▸ WORK TO BE COMPLETED:
Word for word, repeat the lines of the records from the first line up to and including the line that contains "- Double Layer", passing over any pictures.

======== MATERIAL SUPPLIED ========

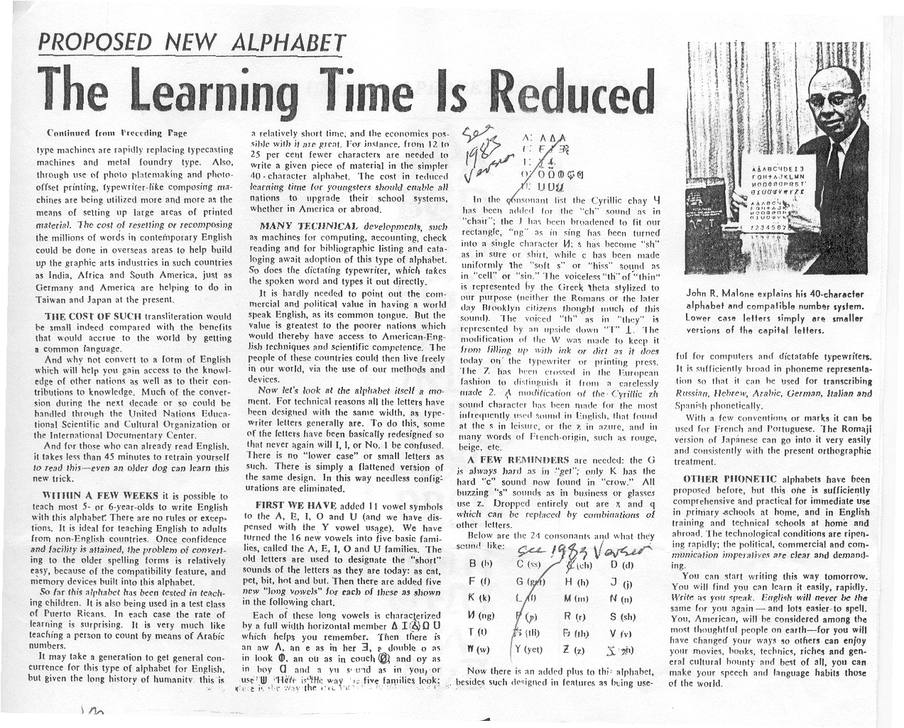 the UNIFON alphabet in the 1950's. He was working for the Bendix
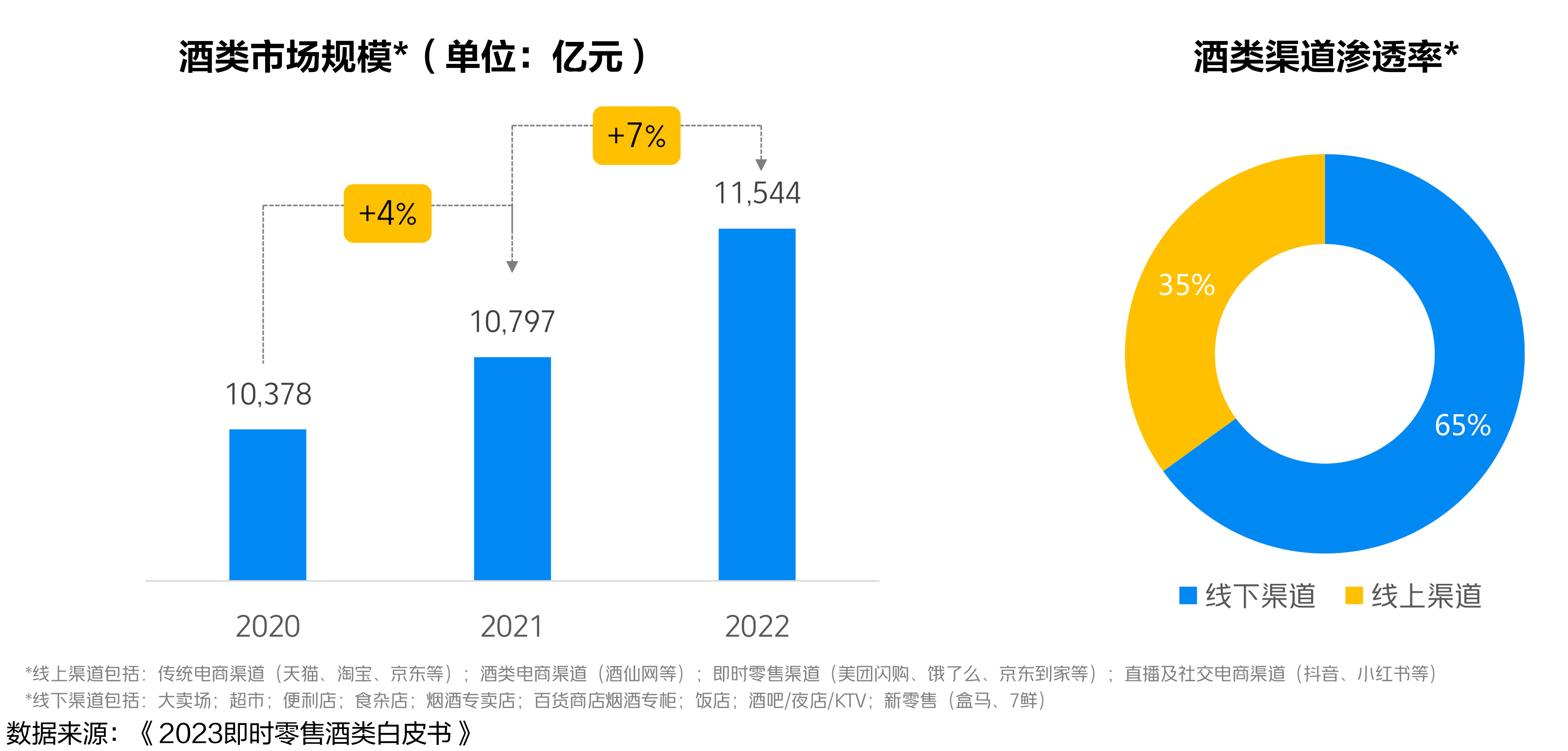 《白皮書》顯示,酒類渠道滲透率方面,線上渠道滲透率已達35%。線上渠道包括傳統綜合電商渠道,例如天貓、淘寶、京東等;酒類垂直電商渠道包括1919酒類直供、酒仙網等;即時零售渠道,如美團閃購、餓了么、京東到家等;直播及社交電商渠道,如抖音、小紅書等。
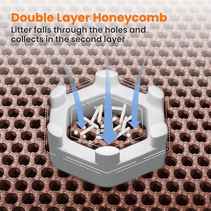 - Double Layer Honeycomb Structure: The holes in the top layer trap all types of litter and let it fall through to the waterproof bottom layer for effortless cleanup. Just lift litter catcher mat, pour the collected litter back, and reuse — no mess, no hassle. This smart design helps reduce litter waste and makes daily cleaning faster and easier!
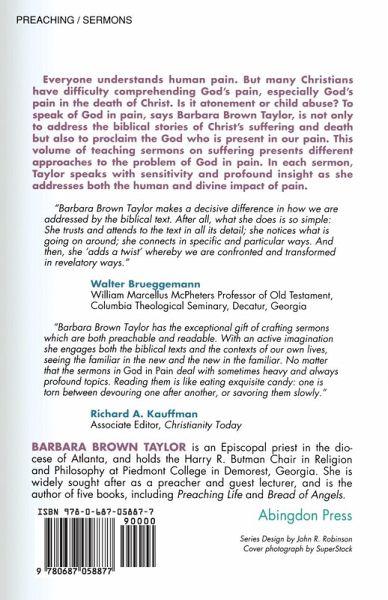 Everyone understands human pain. But many Christians have difficulty comprehending God's pain, especially God's pain in the death of Christ. Is it atonement or child abuse? To speak of God in pain, says Barbara Brown Taylor, is not only to address the biblical stories of Christ's suffering and death, but also to proclaim the God who is present in our pain. This volume of teaching sermons on suffering presents different approaches to the problem of God in pain. In each sermon, Taylor speaks with sensitivity and profound insight as she addresses pain and both its human and divine impact. TABLE OF CONTENTS Part I: Pain of Life: The Gift of Disillusionment; A Cure for Despair; Learning to Hate Your Family; Divine Anger; Feeding the Enemy; The Betrayer in Our Midst; Buried by Baptism; The Suffering Cup; Pick Up Your Cross; Unless a Grain Falls; The Dress Rehearsal; Surviving Crucifixion; Portents and Signs; and The Delivery Room. Part II: Pain of Death: Believing What We Cannot Understand; Someone to Blame; The Triumphant Victim; The Myth of Redemptive Violence; The Silence of God; The Will of God; The Suffering of God; May He Not Rest in Peace. BARBARA BROWN TAYLOR, an Episcopal priest in the diocese of Atlanta, holds the Butman Chair in Religion and Philosophy at Piedmont College in Demorest, Georgia. She is widely sought after as a preacher and guest lecturer, and is the author of five books, including Preaching Life and Bread of Angels.She was named by Baylor University as one of the 12 most effective preachers in the English language.
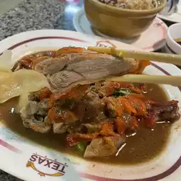 - Duck, the meat is not very tender. It comes with peanuts. It's strange, but I personally think the taste is just so-so. Not good or bad.

========

▸ REPLY:
 the UNIFON alphabet in the 1950's. He was working for the Bendix
 《白皮書》顯示,酒類渠道滲透率方面,線上渠道滲透率已達35%。線上渠道包括傳統綜合電商渠道,例如天貓、淘寶、京東等;酒類垂直電商渠道包括1919酒類直供、酒仙網等;即時零售渠道,如美團閃購、餓了么、京東到家等;直播及社交電商渠道,如抖音、小紅書等。
 - Double Layer Honeycomb Structure: The holes in the top layer trap all types of litter and let it fall through to the waterproof bottom layer for effortless cleanup. Just lift litter catcher mat, pour the collected litter back, and reuse — no mess, no hassle. This smart design helps reduce litter waste and makes daily cleaning faster and easier!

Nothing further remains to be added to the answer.